To Adrian Sanchez, Poncho Gonzales, Jason Weill, Jesse Solomon, Jimmy Mascari, Steven Sanchez, Jason Morales, Mike Plante, Felix Tafoya and Manuel Herrera; a few of you I loved. One of you, my first love, I was too afraid to let you know how much I loved you. That you would run. Ironically, not telling you may be why you never stayed.
Some of you I didn’t really know. Some of you used me. A lot of you led me to believe we were having a relationship or at least flirting into the direction. One of you gave me my son because of your pure selfishness.
A few of us never left friendship, but not because I didn’t want to or think we weren’t going there. Most of you never even got to know my finer qualities. I would have been a great woman to have had in your life. Yes I may be a little quirky but that’s probably what got your attention initially.
All of you broke my heart in some way.
I am not a girly girl that gets fancied up. But will get dolled up in a heartbeat for the right occasion or the right man. I work hard. I get my hands dirty. I am fiercely protective of anyone that gives back to me. I love deeply. I can take care of myself but would love someone to share life with. To laugh with. To cry with. To just hug on a bad day.
But shame on me for letting those of you that did, hurt me. Or let you believe it was okay to lie to me. Or let you believe I was buying the bullshit. 2 of you really got my lot of giving, for years each. My stupidity was seeing the good and thinking it was enough to forget all the crap. Shame on me for not just walking away. Shame on me for giving too much of myself.
Maybe I should write a column about this. What not to believe. I don’t think I am naive. Just stupid and not letting go when I should. Giving too much of myself to a man that clearly doesn’t “see” me.
There is absolutely no excuse for men to not text back. No one is ever too busy, especially when you see them on the phone all the time.

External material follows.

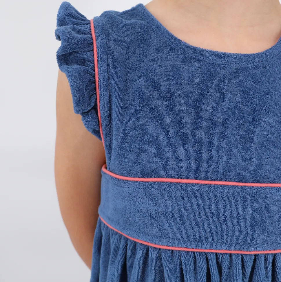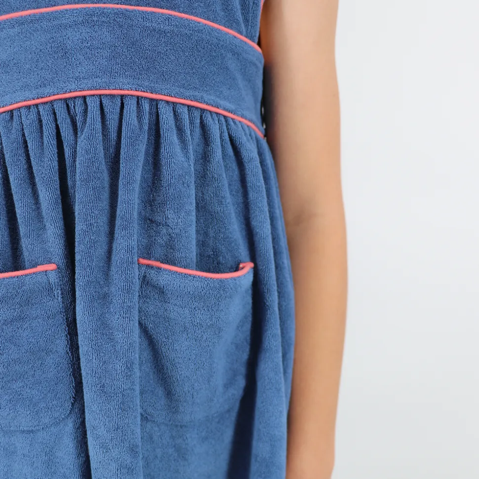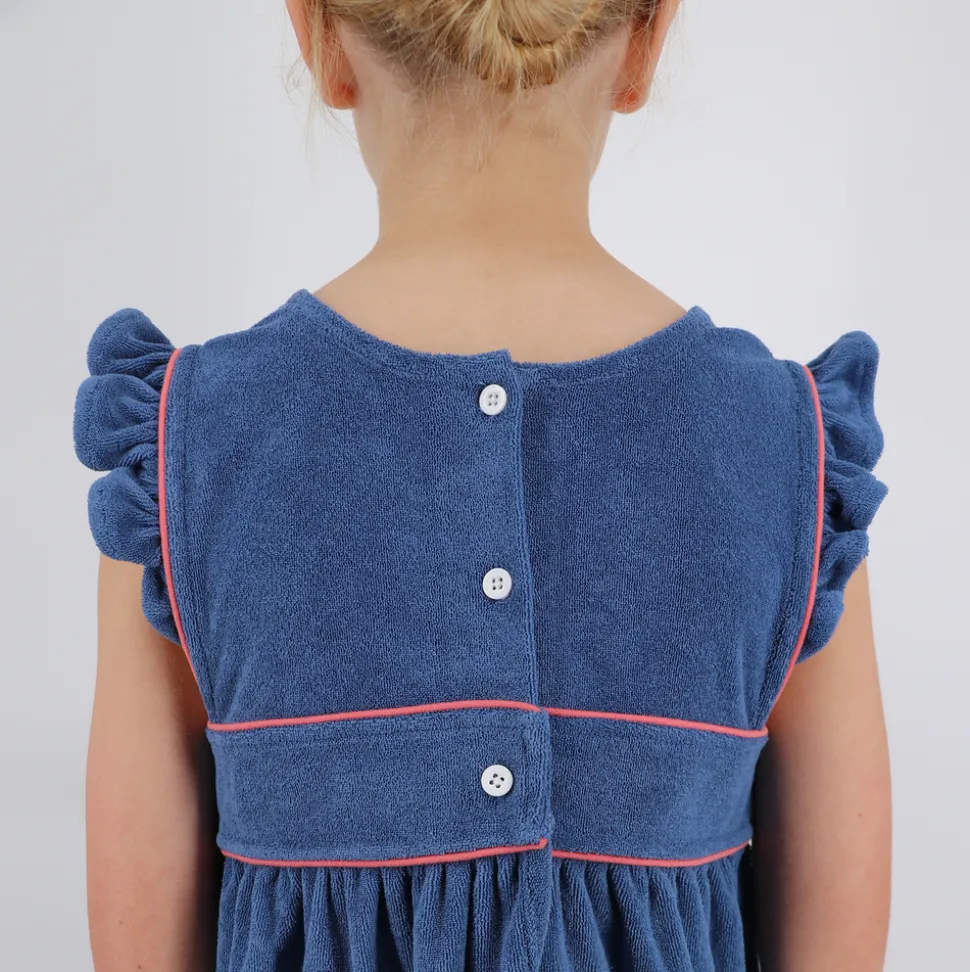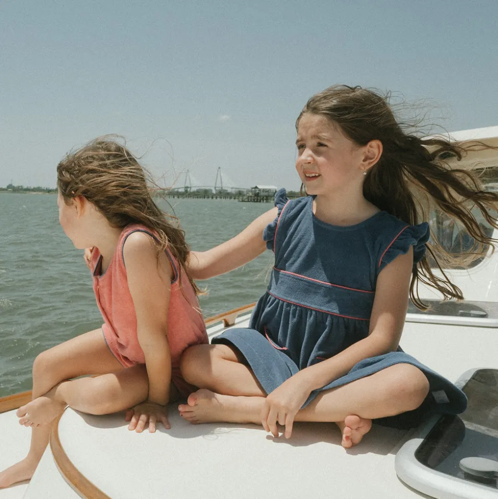 A family favorite for its clean lines and simple details, minnow creates pieces that are playful, polished, and thoughtfully designed for long days, sandy toes, and the wonderment of life on the shore. The Girl’s Newport Navy French Terry Pinafore Dress is part of the Minnow x Over the Moon limited-edition capsule—blending classic charm with everyday ease. Made from super-soft French terry, this nostalgic style features ruffle sleeves, patch pockets, and a relaxed silhouette that layers beautifully over a swimsuit or tee.

Don’t ever believe that excuse. If after a few weeks of the one way conversations, or you are the one always starting the conversations, say goodbye and walk away. They will never change.
Telling you they aren’t ready for a relationship or to date, means they only want the sex and don’t want to date you. When they say they haven’t been with anyone in so long, usually they are in another non serious situation. I only wish I didn’t have to keep hearing these excuses from every man that hits on me first. What’s the point?
I’m 42 years old. And just wondering where I can find a man that doesn’t give me all this bullshit. Or just gives for that matter. All of these lovelies were in New Mexico. Maybe I need to move to another state.
One thought on “Ode to the Men thru my Life ”
You are so right on this. I wish I’d learned it by the time I was 42. Trust yourself.